Michael Saylor, cofondateur de Strategy, estime que la plus grande menace pour le réseau Bitcoin provient d'« opportunistes ambitieux » cherchant à modifier le protocole. Cette déclaration du PDG de l'entreprise détenant les plus importantes réserves de Bitcoin d'entreprise a suscité un vif débat au sein de la communauté crypto.
Des opinions partagées au sein de la communauté
Justin Bechler, maximaliste du Bitcoin, a interprété les propos de Saylor comme une critique des développeurs promouvant des cas d'utilisation non monétaires du Bitcoin, tels que les jetons NFT et le placement d'images basé sur les blocs.
L'investisseur Fred Krueger a contesté l'analyse de Saylor : « Le plus grand risque pour Bitcoin, c'est la technologie quantique. » Mert Mumtaz, PDG d'Helius, fournisseur de nœuds RPC, a réagi avec encore plus de virulence : « C'est une pensée totalement toxique. “Les personnes ambitieuses qui veulent développer cette technologie représentent notre plus grand risque.” Rien n'est parfait. Bien sûr, Bitcoin aussi a connu son lot de bugs, comme tout logiciel ; peut-être devrions-nous simplement les laisser subsister au lieu de les corriger. »
Attaques de spam et suggestions d'amélioration
Certains participants à la discussion ont cité les attaques de spam en cours et la proposition d'amélioration Bitcoin 110 (BIP-110), une bifurcation logicielle temporaire visant à filtrer les données non monétaires du registre Bitcoin.
La déclaration de Saylor a ravivé le débat entre les partisans du maintien du protocole inchangé et les développeurs qui souhaitent étendre les fonctionnalités de Bitcoin. Ces derniers proposent d'ajouter à la blockchain des adresses de portefeuilles résistantes à l'informatique quantique et un espace de stockage de fichiers.
Menace quantique : réalité ou panique ?
L'informatique quantique demeure un sujet de vifs débats au sein de la communauté Bitcoin. Nic Carter, fondateur du fonds de capital-risque Castle Island, a maintes fois mis en garde contre la nécessité d'une transition rapide du protocole vers des standards post-quantiques.
Cependant, Adam Back, PDG de Blockstream, une entreprise d'infrastructures numériques, a qualifié les affirmations de Carter d'« ignorantes » : « Les partisans et les développeurs du Bitcoin ne nient pas la nécessité de la recherche et du développement pour préparer les futurs ordinateurs quantiques. Ils mènent simplement leurs recherches discrètement, tandis que vous, vous faites du bruit. »
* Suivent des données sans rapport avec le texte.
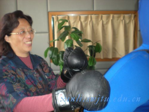 到了情绪宣泄与调节室,两位老师对情绪宣泄的道具饶有兴趣,徐建老师对心理发泄道具及原理作了讲解,这个实验室是我国第一家把发泄原理应用于客观道具的实验室,在心理应用创新性方面具有标本意义。

L'analyste du marché du Bitcoin, James Check, a déclaré que les inquiétudes liées à l'informatique quantique n'influent pas sur le cours du Bitcoin. Il a attribué la récente baisse du marché aux ventes réalisées par les détenteurs de Bitcoin à long terme.
L'avis de l'IA
Une analyse des positions des entreprises révèle une tendance intéressante : celles qui détiennent d’importantes quantités de bitcoins prônent souvent une approche prudente du protocole. Cette situation rappelle celle des protocoles Internet dans les années 1990, lorsque les géants des télécommunications ont résisté aux changements du protocole TCP/IP en raison de leurs investissements dans l’infrastructure existante. Strategy détient plus de 15 milliards de dollars en bitcoins, ce qui explique son intérêt pour la stabilité de l’architecture actuelle.
Du point de vue de la théorie des jeux, la position de Saylor reflète un dilemme classique de gouvernance dans les systèmes ouverts : qui détermine l’orientation du développement — ceux qui ont le plus investi ou ceux qui participent le plus activement au développement ? L’histoire montre que les protocoles efficaces parviennent à équilibrer ces forces, mais ce processus est rarement exempt de conflits.